Novel MPZ Gene Mutations Causing CMT1B in Chinese Patients
Two newly reported mutations in the MPZ gene resulted in Charcot-Marie-Tooth (CMT) disease type 1B in Chinese patients, according to a recent study.
Taken together with previous cases, the findings further show the diversity of MPZ mutations in Chinese patients, the scientists said.
The study, “Two Novel Myelin Protein Zero Mutations in a Group of Chinese Patients,” was published in the journal Frontiers in Neurology.
CMT is an inherited disorder of the peripheral nervous system — the network of nerves that supply movement and sensation to the arms and legs — and is characterized by slow-progressing weakness, muscle wasting, and sensory impairment.
It is classified into various subtypes based on which genes are mutated, the way the disease is inherited, and the speed at which the electrical impulses (messages) move through the nerves — the nerve conduction speed.
Myelin point zero (MPZ) is an abundant protein within myelin, which is the protective covering surrounding nerve fibers. MPZ functions as an adhesion molecule and mediates the compaction of the peripheral nervous system.
Nearly 300 MPZ mutations have been identified. They cause autosomal dominant CMT, where having just one mutated gene copy is enough to result in disease. Autosomal dominant CMT can be divided into CMT1B, CMT2I, and Dejerine-Sottas syndrome (rarely called CMT3), based on the clinical and electrophysiological characteristics, such as nerve conduction speed.
The study looked at six different probands — individuals used as the starting point for a family genetic study — from unrelated Chinese families between January 2012 and August 2019 with suspected CMT or related mutations in CMT genes based on DNA analysis.
The probands included five males and one female. All males had an age of disease onset greater than 40, whereas the female’s was 16. All patients experienced limb weakness as their first symptom, and all had lower limb muscle wasting with pes cavus, which is a foot deformity characterized by a high foot arch.
Patients 1, 5, and 6 had family histories of peripheral neuropathy — weakness, numbness, or pain in peripheral nerves.
At 43 years old, patient 1 started experiencing weakness in both lower limbs, and three years later had slower walking than before.
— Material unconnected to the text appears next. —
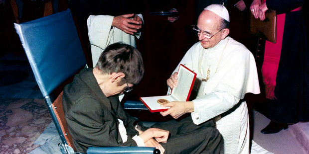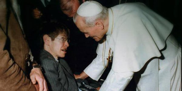 A Montini le saludó en el Vaticano el 9 de abril de 1975 con motivo de serle concedida por la Santa Sede la Medalla Pío XI. El científico británico tenía entonces 33 años y llevaba una década padeciendo su enfermedad (pese a que le diagnosticaron uno o dos años de vida, alargó su existencia medio siglo más), estando ya en silla de ruedas. De ese encuentro entre ambos queda la significativa imagen del Papa arrodillado durante dos minutos ante Hawking.

His father also showed lower limb weakness in his 40s.
Patient 5 had a history of abnormal gait for three years. Both his mother and sister showed similar symptoms.
The third patient (patient 6) had a history of sprained ankles at age 16, and both his grandfather and father developed abnormal walking in their 40s.
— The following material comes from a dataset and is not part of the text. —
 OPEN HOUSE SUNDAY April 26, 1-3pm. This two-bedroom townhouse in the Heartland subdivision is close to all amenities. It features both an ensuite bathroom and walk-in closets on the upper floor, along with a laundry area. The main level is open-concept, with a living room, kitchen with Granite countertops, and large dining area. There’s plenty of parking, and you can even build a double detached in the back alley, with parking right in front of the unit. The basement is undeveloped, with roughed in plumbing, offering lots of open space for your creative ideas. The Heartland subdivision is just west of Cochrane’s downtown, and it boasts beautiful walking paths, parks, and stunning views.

The other three patients did not have family members available for testing.
Patient 2 had lower limb weakness for 14 years, with increased progression over the past two years. Another patient (patient 3) had an 11-year history of lower limb weakness, and in the past two years had started experiencing hand weakness. Patient 4 had abnormal gait for 12 years.
In all patients, assessing electrical responses showed sensorimotor demyelinating polyneuropathy, which means a decreased ability to move or feel (sensation) because of myelin loss in nerves.
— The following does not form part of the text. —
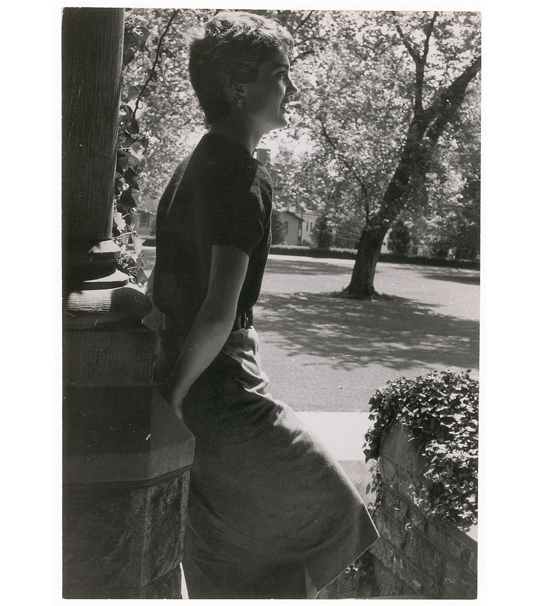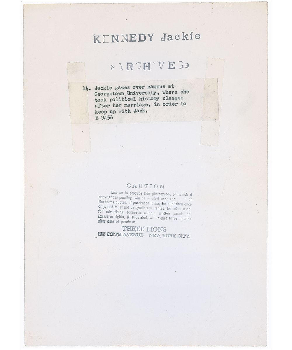 Original first-generation 6.75 x 9.5 glossy photo of Jackie looking across the campus of Georgetown University. Reverse of photo bears a Three Lions Inc. stamp and an affixed typed caption. In fine condition, with a few minor edge creases. Photo rights: The Lowenherz Collection of Kennedy Photographs, Friedheim Library and Archives, the Peabody Institute of The Johns Hopkins University, Orlando Suero, photographer.

Multiple nerves involved in movement showed decreased conduction speed, which contributed to a diagnosis of CMT1 in all participants.
Genetic analysis found six different mutations in the MPZ gene, four known and two unknown — not found in databases nor in 8,000 healthy Chinese controls.
Specifically, the newly reported mutations comprised a frameshift mutation in patient 2, c.79delG (p. A27fs), and an intronic splice variant in patient 1 and his father.
Frameshift mutations involve the deletion or insertion of a DNA bulding block that shifts the way the sequence is read. In patient 2, the frameshift mutation led to one of the protein building blocks (an amino acid) being changed to the signal for stopping protein production. This mutation was deemed to be disease-causing based on loss of protein function, its absence in controls, and its harmful effect on the gene and gene products. It resulted in a mild disease course.
As for intronic splice variants, they occur in the DNA bits that do not code for proteins (introns) and can affect the way RNA is spliced for creating proteins. In patient 1 and his father, the mutation was in intron 1 and was associated with rapid progression in the late stage of the disease. It too was deemed likely the cause of the disease due to its location in the gene, its absence from controls, its co-segregation in the family (where those affected have the mutation and the unaffected do not), and its harmful effects on the gene or gene products.
“Both novel variants were not seen in healthy individuals with no known history of neurogenetic diseases or in multiple databases, which further suggested that [they] are disease-causing rather than normal variants of MPZ,” the researchers wrote.
Upon further analysis of the literature, the team found that the most common mutation type among the 28 mutations identified in Chinese individuals was the missense mutation, which results in a different amino acid in the protein product. Among the 28 mutations, 75% were missense mutations, followed by frameshift mutations in 17.8%, and splice site mutations in introns in 7.2%.
“Our study further confirmed that MPZ mutations are associated with specific phenotypes [characteristics], especially at the age of onset,” the researchers wrote. “In general, CMT1B patients in this study with MPZ mutations had relatively mild clinical phenotypes.”
“This report will help with genetic and clinical studies of Chinese CMT patients with MPZ mutations,” the investigators concluded.